Journal of the Korean Ophthalmological Society 2005;46(11):1931-1935.
Published online November 30, 2005.
Clinical Comparison of Autorefractor versus Retinoscopic Refraction in Children according to the Age.
Jee Woong Jung, Yong Eun Kim, Hae Jung Paik
Department of Ophthalmology, Gachon Medical School, Gil Medical Center, Incheon, Korea.
소아에서 자동굴절검사와 수동굴절검사의 연령대별 비교
Department of Ophthalmology, Gachon Medical School, Gil Medical Center, Incheon, Korea
Correspondence:  Jee-Woong Jung, M.D.
We analyzed the difference in values between noncycloplegic and cycloplegic autorefraction and refraction, as measured by ophthalmologist, in children according to age. METHODS: We classified the 84 children (153 eyes) whose best corrected visual acuity was better than 0.6 into four groups according to age.
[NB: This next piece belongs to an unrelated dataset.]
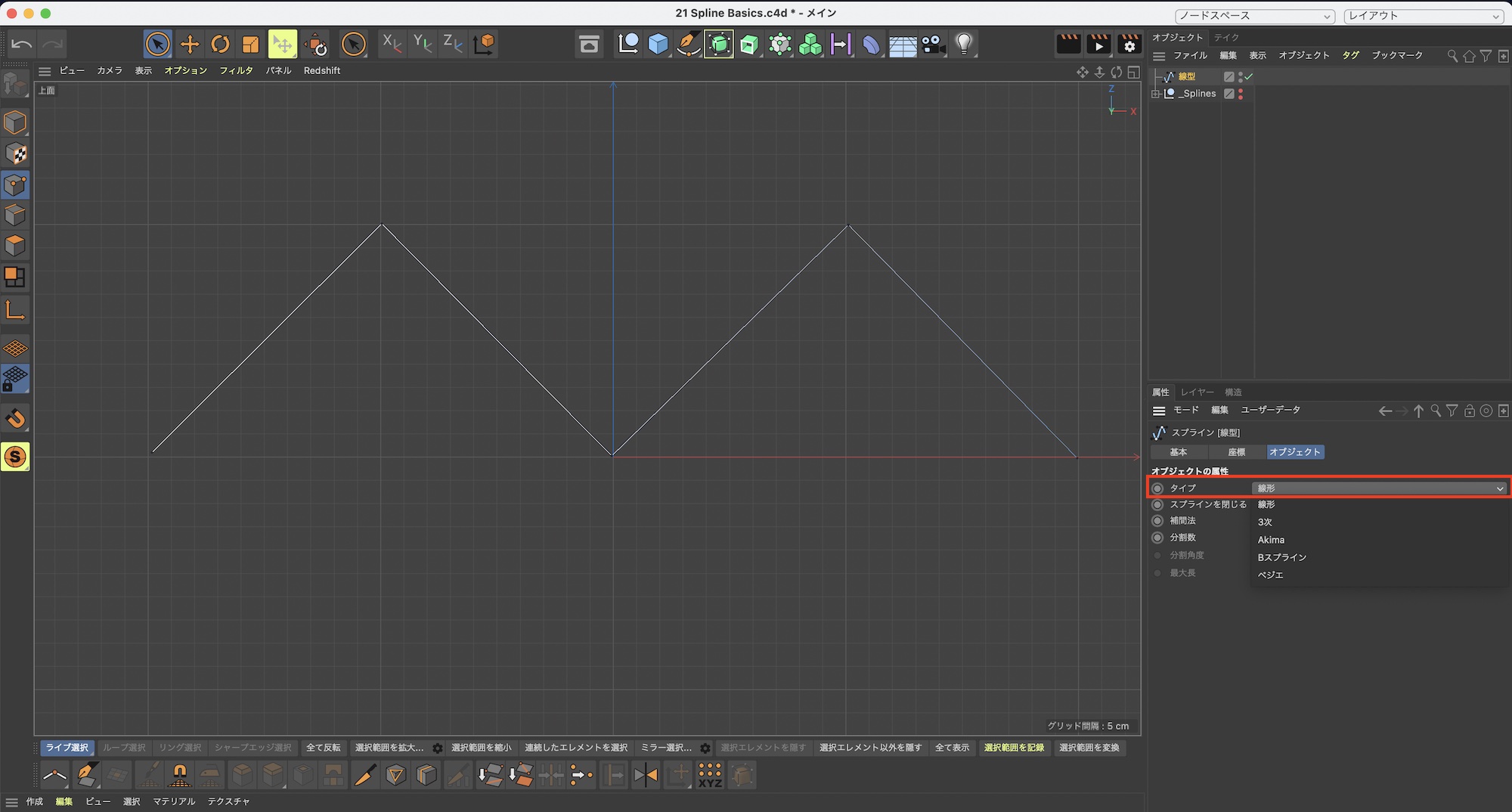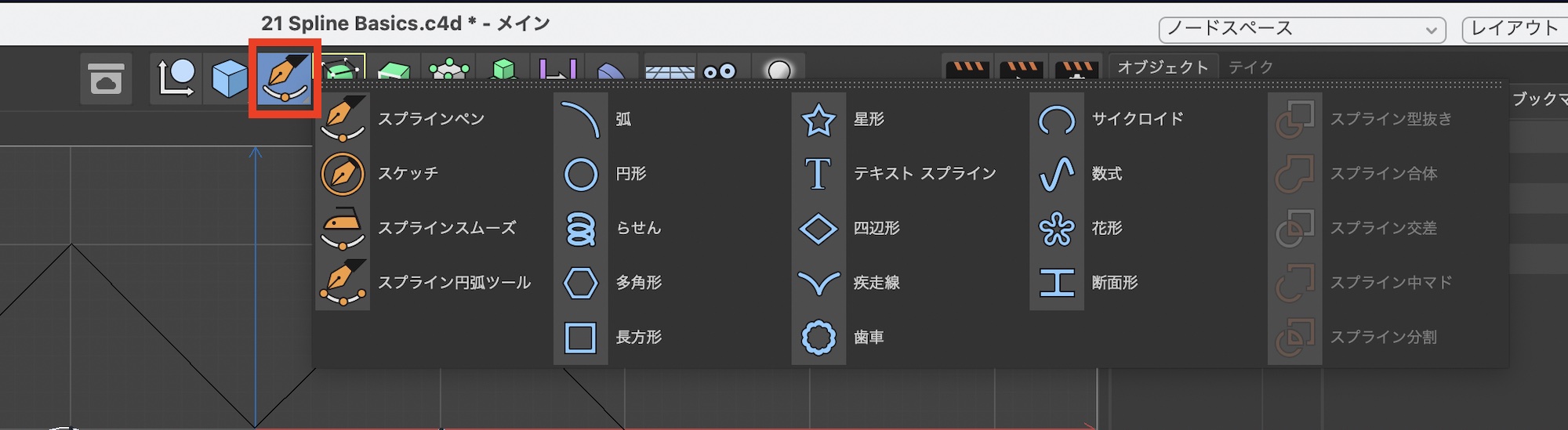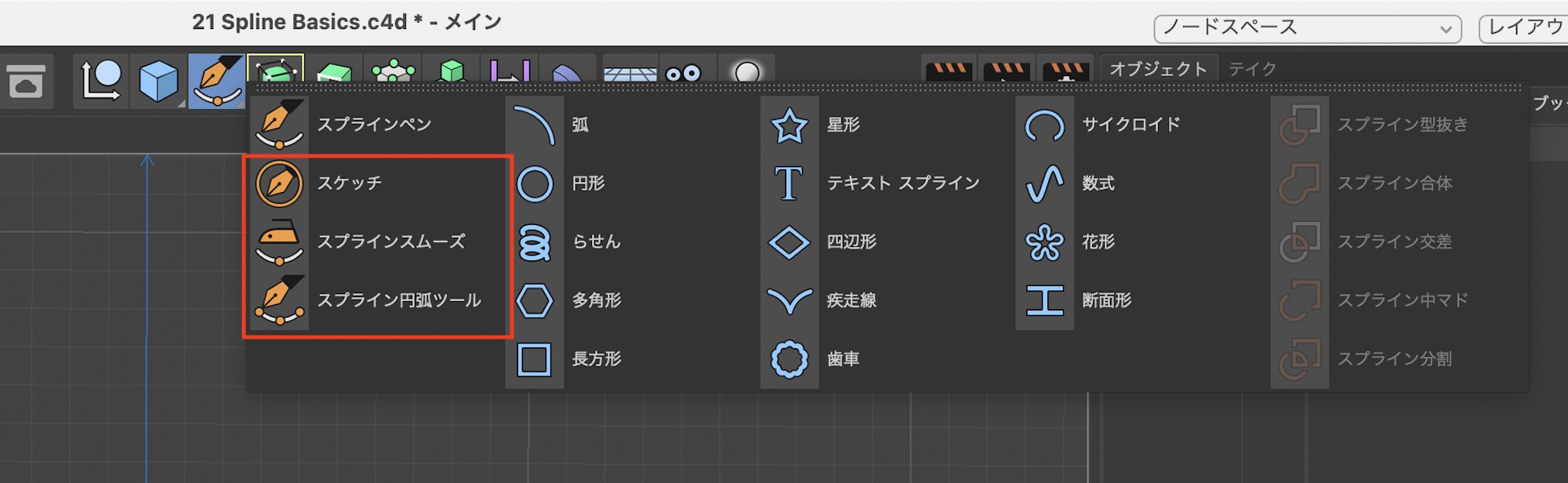 スプラインのタイプの変更はスプラインペンでスプラインを作成する前にオブジェクトマネージャから変更するか、作成した後でスプラインを選択して「タイプ」から変更することも可能です。

The first age group ranged from 29 to 57 months (36 eyes); the second age group ranged from 58 to 75 months (47 eyes); the third age group ranged from 76 to 95 months (36 eyes); and the fourth age group ranged from 96 to 121 months (34 eyes). The children were examined with an autorefractometer (Canon Auto Ref RK-2) and a retinoscope before and after cycloplegia. RESULTS: The children in all age groups tend to show more myopia in autorefraction than refraction regardless of cycloplegia. Also, differences in spherical component and spherical equivalents in noncycloplegic autorefraction and cycloplegic refraction were regarded as significant statistically (P<0.05) in all age groups. However, in all groups, none of the refractive values in cycloplegic autorefraction and refraction were statistically significant. CONCLUSION: Refraction measurement should be recommended for cycloplegic refraction in children. It is suggested that cycloplegic autorefraction could be useful for the refraction partially.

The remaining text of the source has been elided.